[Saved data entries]
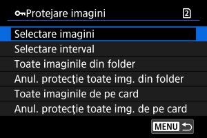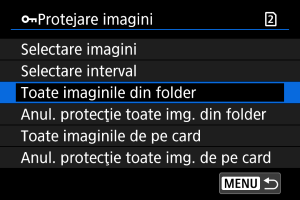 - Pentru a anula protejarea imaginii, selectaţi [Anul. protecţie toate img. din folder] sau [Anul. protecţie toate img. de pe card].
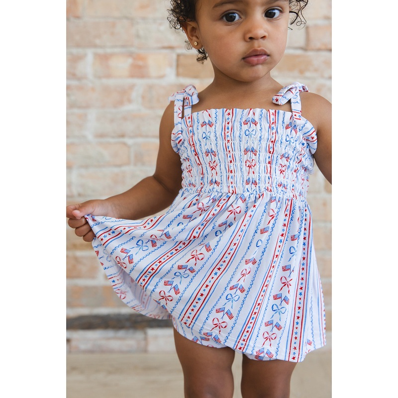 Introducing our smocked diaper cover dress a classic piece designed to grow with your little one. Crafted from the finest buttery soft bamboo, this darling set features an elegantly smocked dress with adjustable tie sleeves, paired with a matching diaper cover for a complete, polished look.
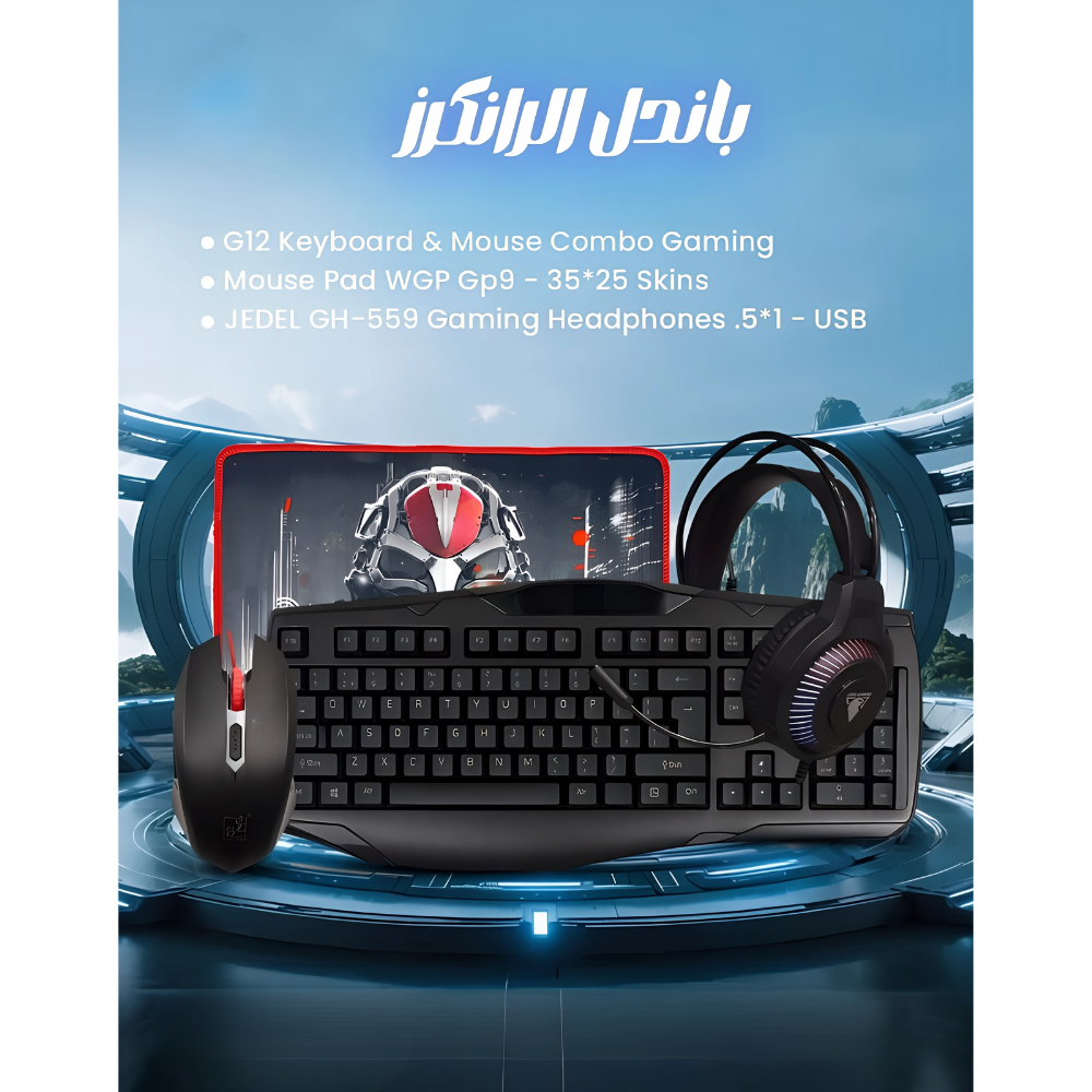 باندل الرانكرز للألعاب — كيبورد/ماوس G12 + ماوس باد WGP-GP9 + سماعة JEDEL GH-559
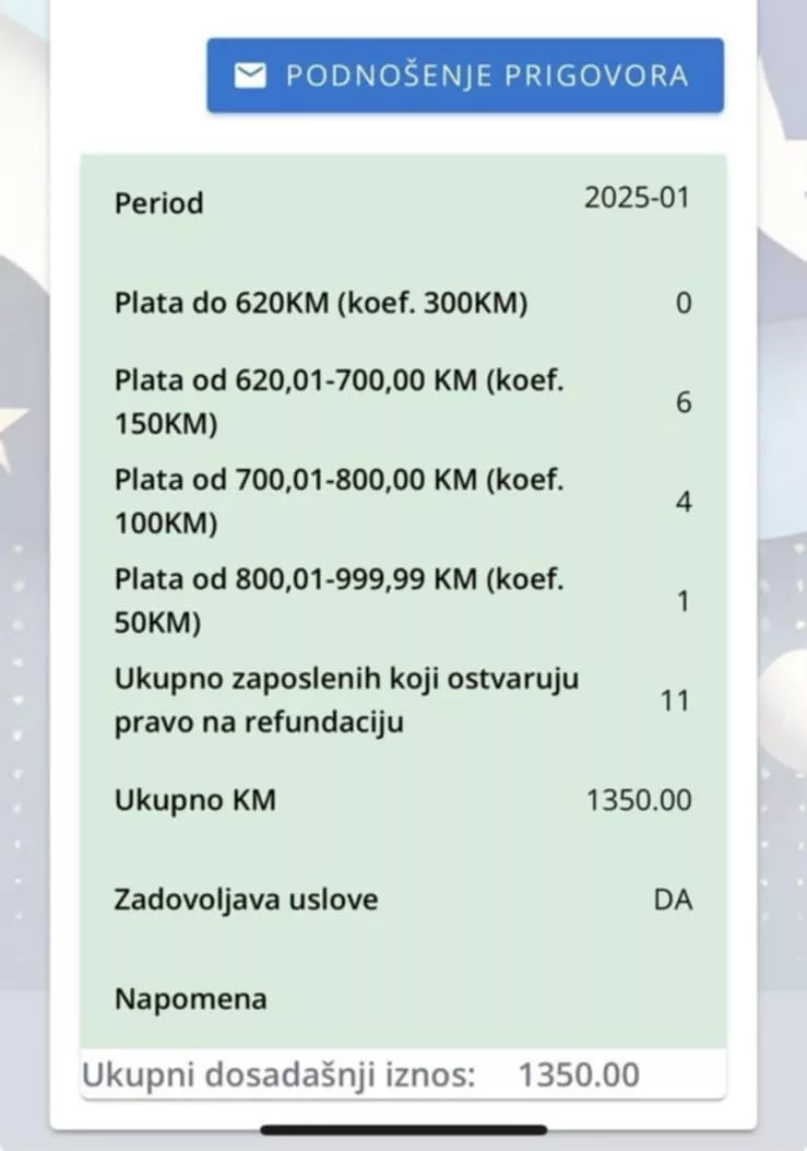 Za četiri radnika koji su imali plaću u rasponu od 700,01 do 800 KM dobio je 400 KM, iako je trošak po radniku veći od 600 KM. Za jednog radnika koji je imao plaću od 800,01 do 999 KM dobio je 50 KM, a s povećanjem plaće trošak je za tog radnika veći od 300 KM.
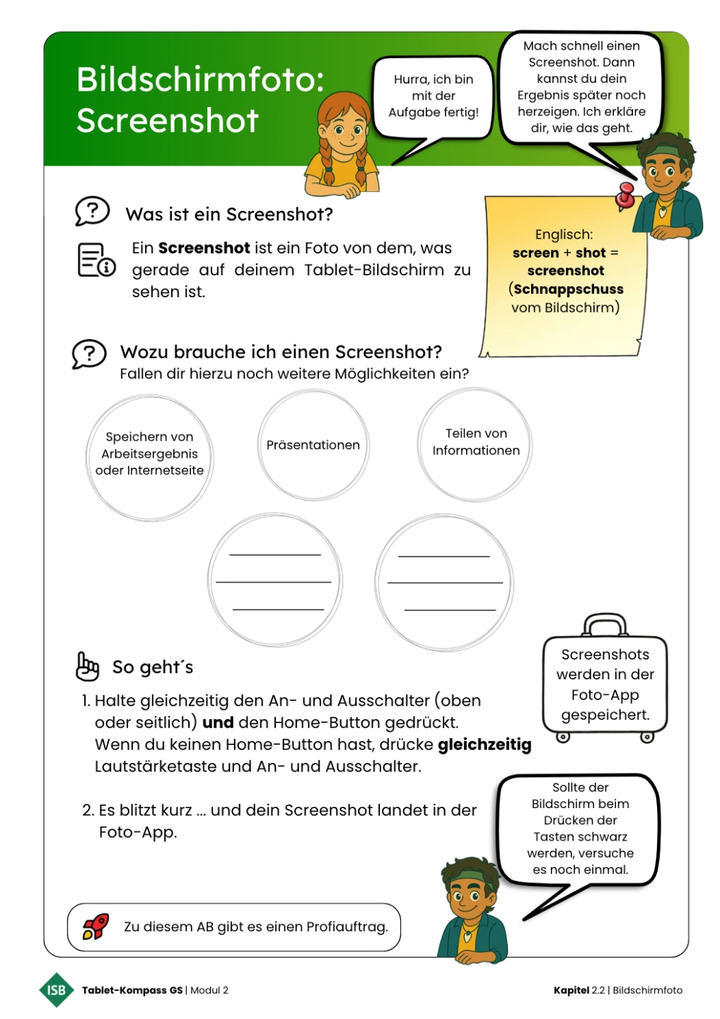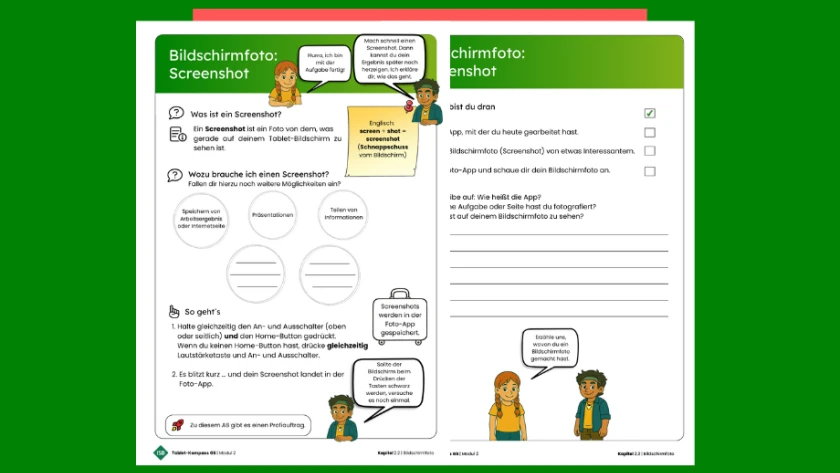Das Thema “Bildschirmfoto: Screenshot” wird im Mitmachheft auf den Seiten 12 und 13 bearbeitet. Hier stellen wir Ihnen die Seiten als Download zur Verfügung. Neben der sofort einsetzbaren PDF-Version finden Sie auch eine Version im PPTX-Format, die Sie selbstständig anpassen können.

## [Directions for this task]
Give again exactly the lines from the one holding "باندل الرانكرز للألعاب" to the final line of the records, both ends included, and nothing more. Pictures do not belong in the copy.

## [Task solution]
 باندل الرانكرز للألعاب — كيبورد/ماوس G12 + ماوس باد WGP-GP9 + سماعة JEDEL GH-559
 Za četiri radnika koji su imali plaću u rasponu od 700,01 do 800 KM dobio je 400 KM, iako je trošak po radniku veći od 600 KM. Za jednog radnika koji je imao plaću od 800,01 do 999 KM dobio je 50 KM, a s povećanjem plaće trošak je za tog radnika veći od 300 KM.
Das Thema “Bildschirmfoto: Screenshot” wird im Mitmachheft auf den Seiten 12 und 13 bearbeitet. Hier stellen wir Ihnen die Seiten als Download zur Verfügung. Neben der sofort einsetzbaren PDF-Version finden Sie auch eine Version im PPTX-Format, die Sie selbstständig anpassen können.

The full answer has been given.